A quelques encablures de la scène découvertes, au
Cabaret c'est le premier concert de Nolwenn Korbell.
De loin la scène en question ressemble plus à un chapiteau
de cirque mais l'endroit a une vertu non négligeable par
cette chaleur écrasante. A l'abri du soleil, l'herbe y est
aussi fraiche que la température, le petit coin rêvé
donc pour une séance de farniente.
Mais
déjà du Cabaret monte une voix, toute en puissance,
celle de Nolwenn Korbell qui a gagné depuis belle lurette
son excellente réputation mais qui ne connaît sans
doute pas le succès qu'elle mérite. Nolwenn chante
en breton, c'est son choix, sa culture et ceci explique peut être
cela.
En tout cas, la belle est blonde et flamboyante. Le registre n'est
pourtant pas celui que je préfère mais je dois avouer
que sa puissance vocale et son indéniable charisme m'ont
scotché. Cette fille est un pur talent, capable d'exceller
dans tous les registres du chant.
Appuyée à la guitare par Soïg
Sibéril, Nolwenn donne toute sa démesure vocale.
On la dit fan de Tom Waits et on se
prend à imaginer comment sa voix pourrait servir un autre
registre blues, rock... dans la langue de Shakespeare, de Molière
ou d'un autre.
Les gens qui me connaissent le savent, je suis un enfant du rock.
Je suis tombé dans la marmite du rock anglais quand j'étais
tout petit, élevé au grain des Beatles,
des Stones, des Who,
j'en passe et quelques uns issus des meilleurs collèges de
Bath... Non, définitivement non, le biniou, la bombarde et
la cornemuse ne sont pas ma tasse de thé et je ne digère
pas le chouchenn.
N'empêche. Je crois savoir reconnaître un excellent
musicien d'où qu'il vienne et en traversant la prairie, il
ne fallait pas être grand clair pour reconnaître la
flûte à bec de l'incontournable
Carlos Nuñez. Et sur scène, même topo.
Qu'on aime ou qu'on n'aime pas, ce musicien a cet incroyable talent
de faire lever la foule, de se l'accaparer, de la faire sienne.
Oui,
c'est ça, Carlos Nuñez est un magicien doublé
d'un fantastique showman. Qu'il ait en bouche une simple flûte
irlandaise ou une bombarde, Carlos fait le show, supporté
par une bande de musicos tous et toutes plus doués les uns
que les autres. Et ça marche !
Les mains se lèvent, la fièvre emporte le public
et Carlos triomphe, une fois de plus.
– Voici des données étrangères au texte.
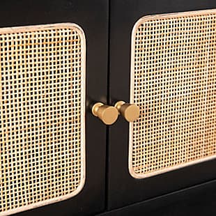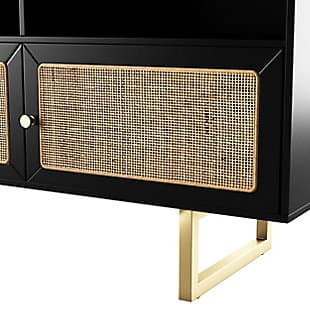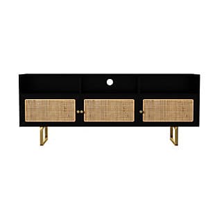 Give your living space a modern refresh with this media storage console. Three spacious cabinets tuck away movies and toys, while rattan accents add unique texture to your space. A cord control opening and three media shelves keep electronics tidy and organized, letting you relax with your favorite movie or show. Bring back movie night when you place this TV cabinet in front of your living room sofa or in your open concept living space.

Je suis éberlué
par l'enthousiasme débordant du public. En transcendant une
musique traditionnelle et en lui insufflant une pure énergie
qui n'appartient qu'à lui, Carlos Nuñez a inventé
un style.
Au fond, je vais vous dire. Nuñez a une âme de rocker
et c'est ça son secret. Yeah !
"Tu la connais toi, Hélène Barnesse ?"
J'aquiesce en précisant que son nom exact est
Ilene Barnes. Je raconte, donc, encore et encore, cette soirée
mémorable à l'Espace Vauban - même si rappelons-le
"soirée mémorable au Vauban" est désormais
un pléonasme - dont je garde des souvenirs émus, d'autant
que c'est l'un des rares concerts que je n'ai pas pu photographier,
tendinite oblige.
Bref,
j'ai gardé en moi cette présence, ce charisme, cette
magnificence.
Et, venue du profond de son âme, cette voix extraordinaire,
puissante, mélodieuse et à vrai dire absolument sublime.
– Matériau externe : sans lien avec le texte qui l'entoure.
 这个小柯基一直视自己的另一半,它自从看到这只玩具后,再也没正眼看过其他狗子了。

Depuis ce concert, le temps a passé et la réputation
de voix d'or d'Ilene s'est répandu de scène en festival,
comme une traînée de poudre. L'ovation du public des
Vieilles Charrues 2004 raisonne encore dans les mémoires.
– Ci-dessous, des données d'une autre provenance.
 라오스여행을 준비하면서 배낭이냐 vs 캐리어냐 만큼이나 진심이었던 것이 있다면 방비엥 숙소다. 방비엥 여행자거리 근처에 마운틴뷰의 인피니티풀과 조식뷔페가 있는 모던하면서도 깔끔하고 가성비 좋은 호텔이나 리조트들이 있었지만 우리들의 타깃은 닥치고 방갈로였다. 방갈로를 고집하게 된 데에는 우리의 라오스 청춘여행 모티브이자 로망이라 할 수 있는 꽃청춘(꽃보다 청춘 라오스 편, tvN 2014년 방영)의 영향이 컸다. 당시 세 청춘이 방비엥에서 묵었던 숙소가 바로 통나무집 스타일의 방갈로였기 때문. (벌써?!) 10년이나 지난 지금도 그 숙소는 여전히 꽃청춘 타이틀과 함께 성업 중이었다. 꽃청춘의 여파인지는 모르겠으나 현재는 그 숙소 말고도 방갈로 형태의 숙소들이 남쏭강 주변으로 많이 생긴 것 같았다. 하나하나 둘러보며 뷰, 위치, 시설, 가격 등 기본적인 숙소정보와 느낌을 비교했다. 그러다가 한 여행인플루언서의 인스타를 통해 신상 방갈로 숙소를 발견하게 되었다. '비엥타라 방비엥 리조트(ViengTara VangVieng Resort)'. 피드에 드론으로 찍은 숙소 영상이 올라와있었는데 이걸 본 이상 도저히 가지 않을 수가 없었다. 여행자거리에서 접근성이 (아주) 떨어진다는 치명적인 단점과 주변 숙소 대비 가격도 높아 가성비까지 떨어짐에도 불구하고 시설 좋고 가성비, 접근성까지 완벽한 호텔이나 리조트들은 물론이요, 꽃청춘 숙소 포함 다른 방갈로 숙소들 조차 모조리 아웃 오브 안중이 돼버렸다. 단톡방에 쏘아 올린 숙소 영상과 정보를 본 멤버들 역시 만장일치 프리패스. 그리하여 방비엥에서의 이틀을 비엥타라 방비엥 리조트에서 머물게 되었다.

Je croise un ami sous le chapiteau qui est venu au Bout du Monde
exclusivement pour la prestation d'Ilene Barnes. Il est jovial parce
qu'il sait qu'Ilene se produira deux fois aujourd'hui, sous ce même
chapiteau.
La prestation ouvre sur un hommage a capella à Nina
Simone. La voix emplit le chapiteau, happe tout ce qui l'entoure
que déjà les spectateurs frissonent, sûrs qu'ils
sont déjà d'assister à un set d'une pure beauté.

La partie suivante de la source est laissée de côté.